Ren, Qidong; Weyer, Kathrin; Rbaibi, Youssef; Long, Kimberly R; Tan, Roderick J; Nielsen, Rikke; Christensen, Erik I; Baty, Catherine J; Kashlan, Ossama B; Weisz, Ora A.
Afiliación
  • Ren Q; School of Medicine, Tsinghua University, Beijing, China.
  • Weyer K; Renal-Electrolyte Division, Department of Medicine, University of Pittsburgh School of Medicine, Pittsburgh, Pennsylvania.
  • Rbaibi Y; Department of Biomedicine, Aarhus University, Aarhus, Denmark.
  • Long KR; Renal-Electrolyte Division, Department of Medicine, University of Pittsburgh School of Medicine, Pittsburgh, Pennsylvania.
  • Tan RJ; Renal-Electrolyte Division, Department of Medicine, University of Pittsburgh School of Medicine, Pittsburgh, Pennsylvania.
  • Nielsen R; Renal-Electrolyte Division, Department of Medicine, University of Pittsburgh School of Medicine, Pittsburgh, Pennsylvania.

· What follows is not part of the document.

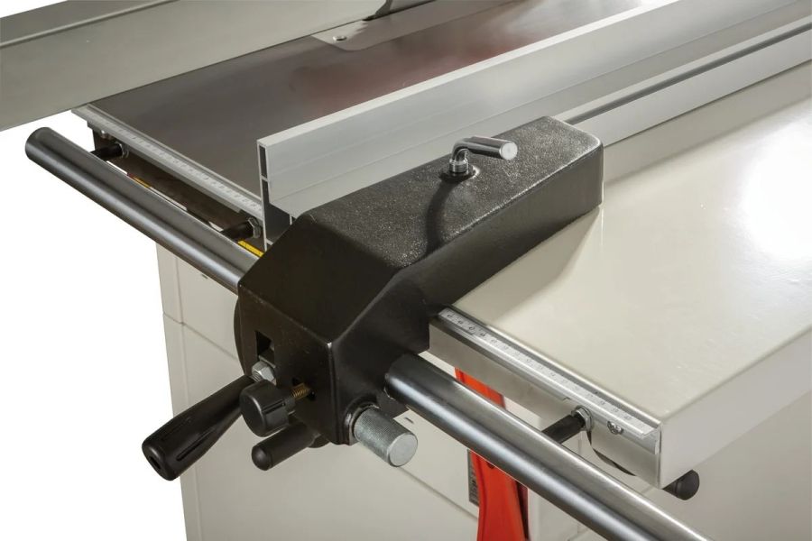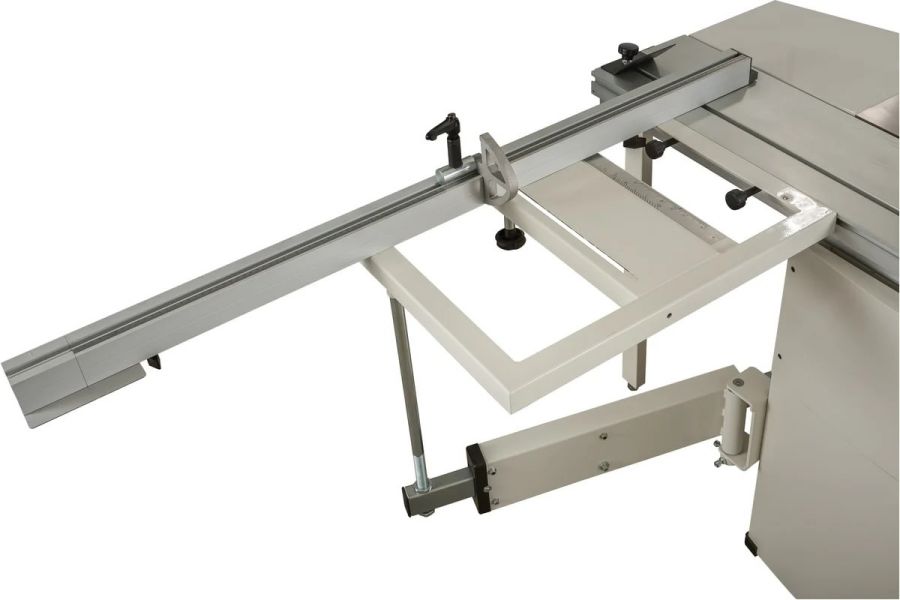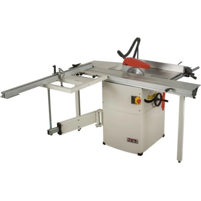 Циркулярная пила с кареткой Jet JTS-600XL – уникальный по сочетанию характеристик и стоимости станок. Уже в базовый комплект поставки входит подвижный стол (каретка) и расширение к нему. Расширитель укомплектован регулируемой телескопической опорой и торцевым упором заготовки. Торцевой упор выполнен поворотным, что позволяет делать распилы под точно установленным углом. Для фиксации заготовки можно использовать регулируемый концевой ограничитель; в случае ненадобности он откидывается.

  • Christensen EI; Department of Biomedicine, Aarhus University, Aarhus, Denmark.
  • Baty CJ; Department of Biomedicine, Aarhus University, Aarhus, Denmark.

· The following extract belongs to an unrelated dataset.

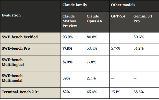 在软件工程上,Claude Mythos Preview远超Opus4.6——这些Anthropic此前已经泄露。

  • Kashlan OB; Renal-Electrolyte Division, Department of Medicine, University of Pittsburgh School of Medicine, Pittsburgh, Pennsylvania.
  • Weisz OA; Renal-Electrolyte Division, Department of Medicine, University of Pittsburgh School of Medicine, Pittsburgh, Pennsylvania.
Am J Physiol Renal Physiol ; 318(5): F1284-F1294, 2020 05 01.
Article en En | MEDLINE | ID: mdl-32200668
Proximal tubule (PT) cells express a single saturable albumin-binding site whose affinity matches the estimated tubular concentration of albumin; however, albumin uptake capacity is greatly increased under nephrotic conditions. Deciphering the individual contributions of megalin and cubilin to the uptake of normal and nephrotic levels of albumin is impossible in vivo, as knockout of megalin in mice globally disrupts PT endocytic uptake. We quantified concentration-dependent albumin uptake in an optimized opossum kidney cell culture model and fit the kinetic profiles to identify albumin-binding affinities and uptake capacities. Mathematical deconvolution fit best to a three-component model that included saturable high- and low-affinity uptake sites for albumin and underlying nonsaturable uptake consistent with passive uptake of albumin in the fluid phase. Knockdown of cubilin or its chaperone amnionless selectively reduced the binding capacity of the high-affinity site, whereas knockdown of megalin impacted the low-affinity site. Knockdown of disabled-2 decreased the capacities of both binding sites. Additionally, knockdown of megalin or disabled-2 profoundly inhibited the uptake of a fluid phase marker, with cubilin knockdown having a more modest effect. We propose a novel model for albumin retrieval along the PT in which cubilin and megalin receptors have different functions in recovering filtered albumin in proximal tubule cells. Cubilin binding to albumin is tuned to capture normally filtered levels of the protein. In contrast, megalin binding to albumin is of lower affinity, and its expression is also essential for enabling the recovery of high concentrations of albumin in the fluid phase.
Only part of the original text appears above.